In sum, the empirical literature has demonstrated differences obtained by MAUI but generally refrained from recommending one instrument in preference to another. Notwithstanding the difficulty of comparing multidimensional instruments, it is an important question. As recognized in the literature, the difference between MAUI has important consequences for CUA. 22 An economic evaluation is more likely to find a service to be cost effective if it employs a MAUI that predicts a larger improvement in utility than alternative MAUIs, and the funding of a service by a health authority may depend on the instrument used in its evaluation. This highlights the need for more evidence on the comparative strengths and weaknesses of different MAUI.
The present article is a response to this need. It examines 2 of the key properties of a MAUI. The first is its sensitivity, the extent to which predicted utilities differ with a change in a person’s QoL. The second is the instrument’s validity: evidence that the instrument measures the theoretical construct that it purports to measure, which, for a MAUI, is the strength of people’s preferences for different health states.
In practice, demonstrating validity is problematic, as an instrument will, typically, be neither (completely) valid nor (completely) invalid. As argued by Streiner and Norman, 23 “validation” is “a process of hypothesis testing . . . to determine the degree of confidence we can place on inferences we make . . . based on scores” (p 174). Confidence increases when the scores correlate as expected with scores from other instruments. However, in the absence of a gold standard, the choice of comparator instruments is contestable. Consequently, the process of validation—in Cronbach and Meehl’s terminology, the creation of a “nomological” network of supporting evidence and theory—evolves with the addition of new test results. 24 The present article contributes to this process by reporting the results of 6 tests of validity for 6 MAUI in 7 disease areas. Three tests of sensitivity are additionally reported. Final comparisons are therefore based on 9 tests.
Tests of validity have been variously classified. 23 The present study is concerned with the generic category of “construct validity” and, more specifically, 1) convergent validity, the strength of the association with variables that seek to measure a similar or the same construct (i.e., the strength of preferences), and 2) content validity, the extent to which an instrument describes or represents the full range of attributes needed to draw correct inferences with respect to the construct. It is demonstrated by the correlation of MAUI scores with measures of the physical and mental QoL.

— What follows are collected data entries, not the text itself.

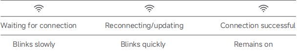 Saat indikator Wi-Fi berkedip perlahan, statusnya sedang menunggu koneksi. Saat indikator Wi-Fi berkedip cepat, statusnya sedang terhubung kembali atau diperbarui. Saat indikator Wi-Fi tetap menyala, statusnya adalah koneksi berhasil.
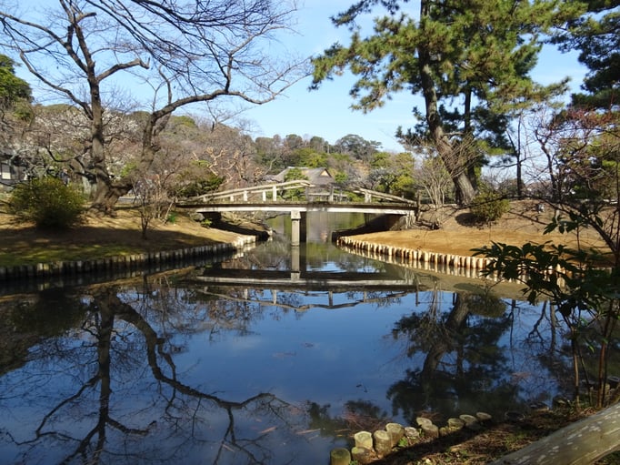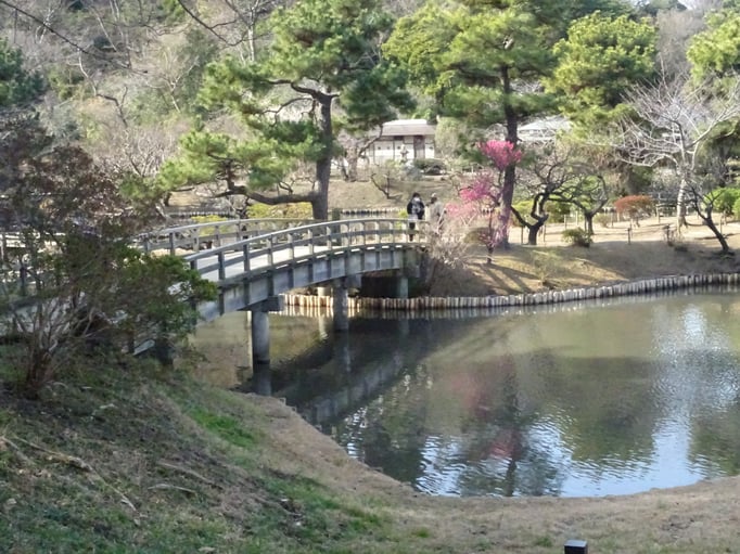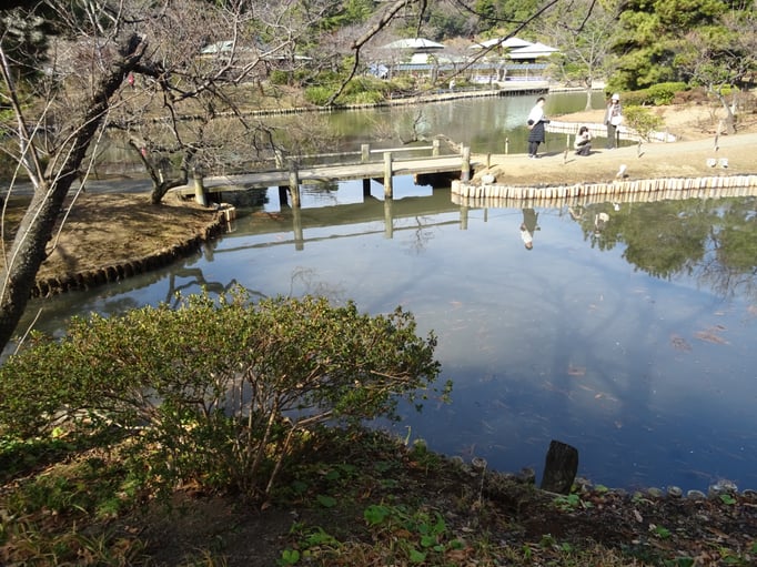 Den Palast durften wir, ohne Schuhe natürlich, betreten. Durch die geöffneten Türen/Fenster hat man einen wunderbaren Blick auf den Teich. Über den Teich führen mehrere Steinbrücken. Im Garten blühen die Pflaumenbäume, fast so schön wie die Kirschbaumblüten, aber nur fast.
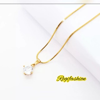 Kalung titanium liontin permata bulat gold fashion wanita terlaris anti karat tidak luntur
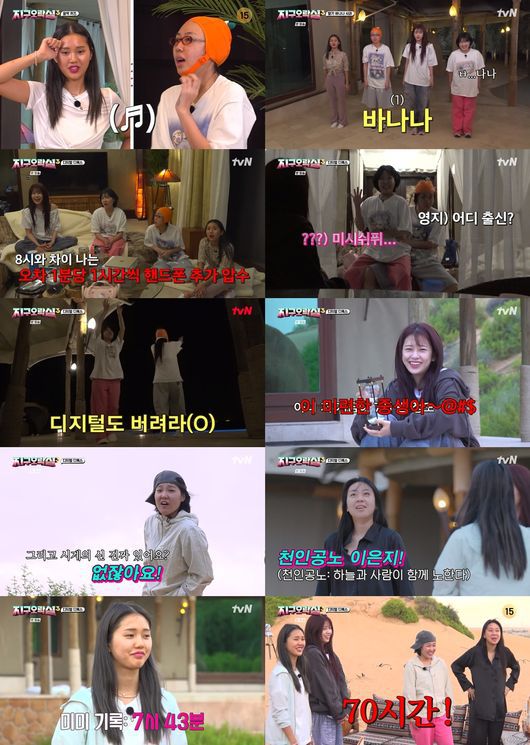 지난 9일 방송된 tvN ‘뿅뿅 지구오락실3(연출 나영석, 박현용)’ 3회에서는 이은지, 미미, 이영지, 안유진이 디지털 디톡스도 막지 못하는 유쾌한 에너지와 휴대전화, 노트북 없이 시간을 맞히기 위해 샤머니즘부터 모래시계까지 동원하는 각양각색 활약으로 즐거움을 선사했다.

The sensitivity of an instrument reflects the correspondence between the attributes of a health state and the domains included in the instrument. Its measurement is affected by the instrument’s reliability and whether items are appropriately worded to identify changes in attributes. However, the change in utility predicted by a MAUI also depends on the effective measurement scale that was employed when utilities were assigned to the instrument’s health state descriptions. Despite each MAUI seeking to anchor its scale at 0.00 = death and 1.00 = best health, the effective measurement scales differ significantly between instruments. 25 Consequently, an increment of utility may have a different meaning when it has been derived from a different MAUI. This may mask the sensitivity attributable to instrument content and reliability and make evaluation of sensitivity problematic.

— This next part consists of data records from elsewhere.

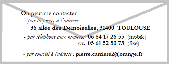 : 05 61 49 47 21 ; e-mail alain.pozo@laposte.net
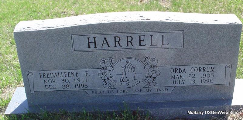 | HARRELL, Orba Corrum | Mar. 22, 1905 | July 13, 1990 | SSW: Fredalleene - Research Note: Son of John James Harrell and Adeline Weatherly. - 1940 Census, Union, Humboldt, California - Ray Garrett, head, age 40, born AR, service station attendant; Lois Garrett, wife, age 44, born MO; Orba Harrell, lodger, widowed, age 35, born MO, laborer at lumber mill. | Census Phyllis Long Photo Donna Cooper |
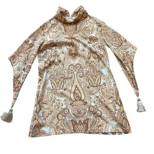 Novella Royale peach paisley Hermosa mini dress size xs tassels festival boho
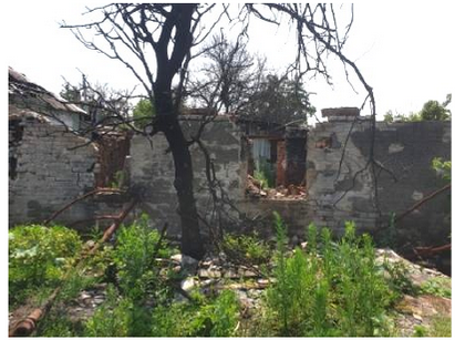 На въезде в село нас встречал раскуроченный прямым попаданием из танка украинский БМП. Башня взрывной волной отброшена метров на пятьдесят в сторону и едва видна из высокой травы. Село опустело, дома через один разбиты, но жители постепенно начинают возвращаться на родные пепелища.
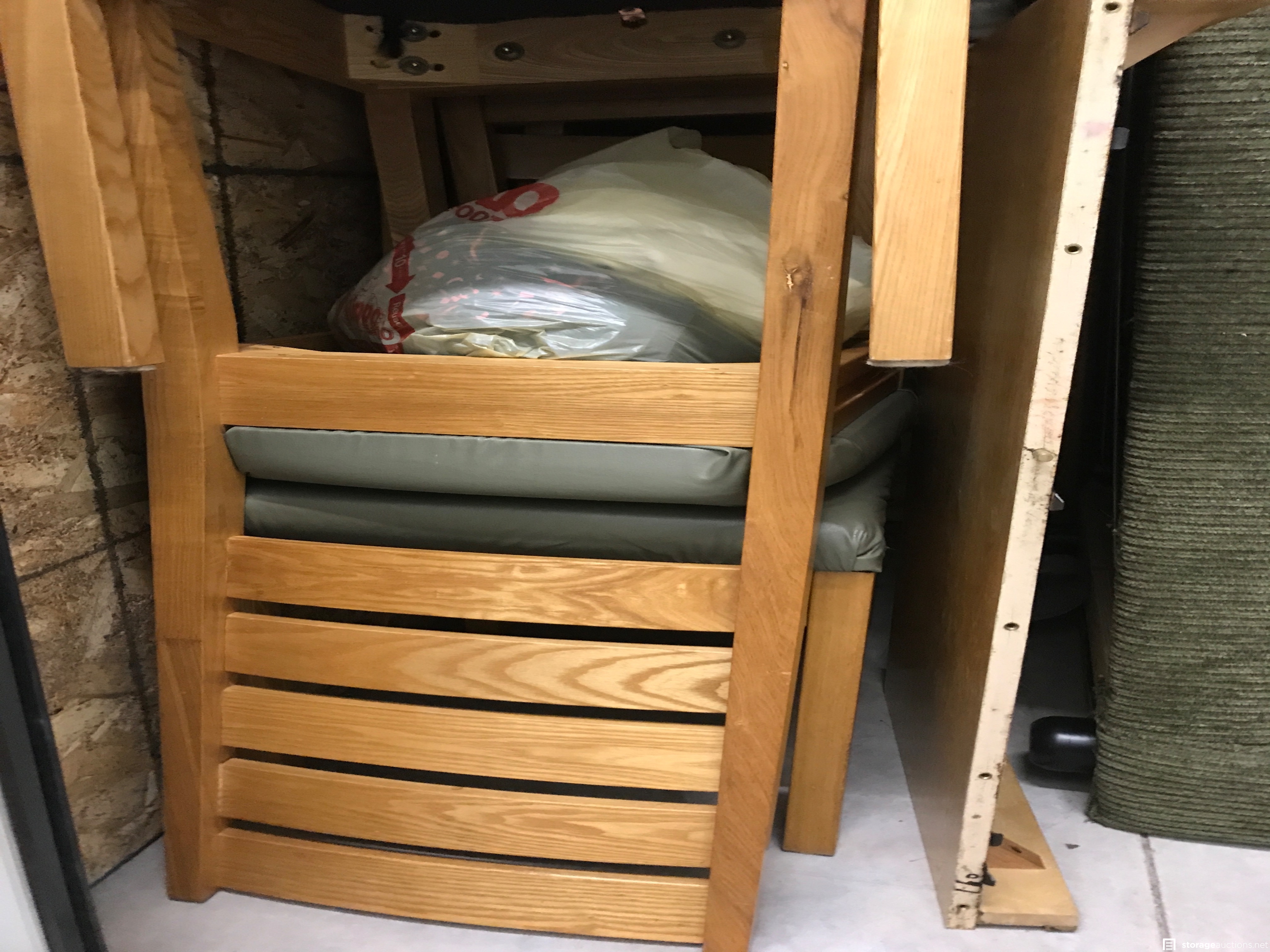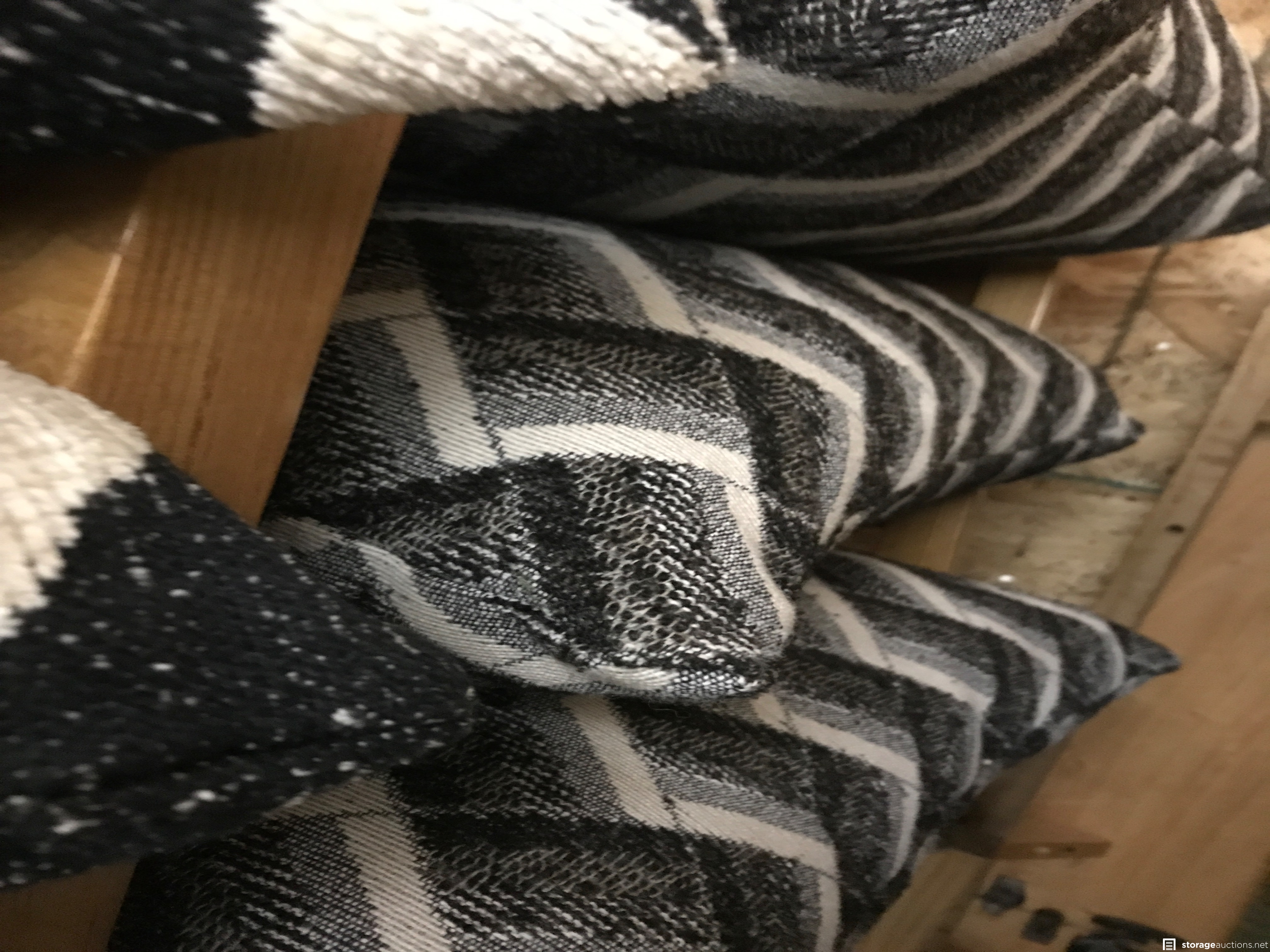 This unit appears to contain a wood Dining table, 6 cushioned dining chairs, pull-out couch, space heater, black and white throw pillows, clothing.

The present article has 2 specific objectives. The first is to compare 3 methods for measuring sensitivity and to compare results from 6 tests of construct validity. The second objective is to rank instruments by the results of each test. However, as a choice of instrument requires a single, not multiple, ranking, results are also combined into a single indicative index of sensitivity and validity, which is used to rank the MAUI in each of the 7 disease areas analyzed. The study is based on a large multi-instrument comparison (MIC) survey, which is described in the second section below along with the methods used for measuring sensitivity and testing construct validity. The third section presents the results, which are discussed in the fourth section. Abbreviations used throughout the paper are defined in Box 1.
Glossary
Data and Methods
The MIC Survey
An online survey was conducted in 6 countries: Australia, Canada, Germany, Norway, the United Kingdom, and the United States. Respondents were initially asked to indicate if they had a chronic disease and to rate their overall health on a visual analogue scale (VAS), where 0.0 represented death and 100 represented “best possible health (physical, mental, social).” The “healthy” public was defined by the absence of chronic disease and by a score greater than 70 on the VAS. Quotas were used to achieve demographically representative samples of the public in each country; that is, public respondents were recruited until the predetermined target for each demographic cell was reached. Quotas were also applied to obtain a target number of respondents in each of 7 chronic disease areas, namely, arthritis, asthma, cancer, depression, diabetes, hearing loss, and heart disease.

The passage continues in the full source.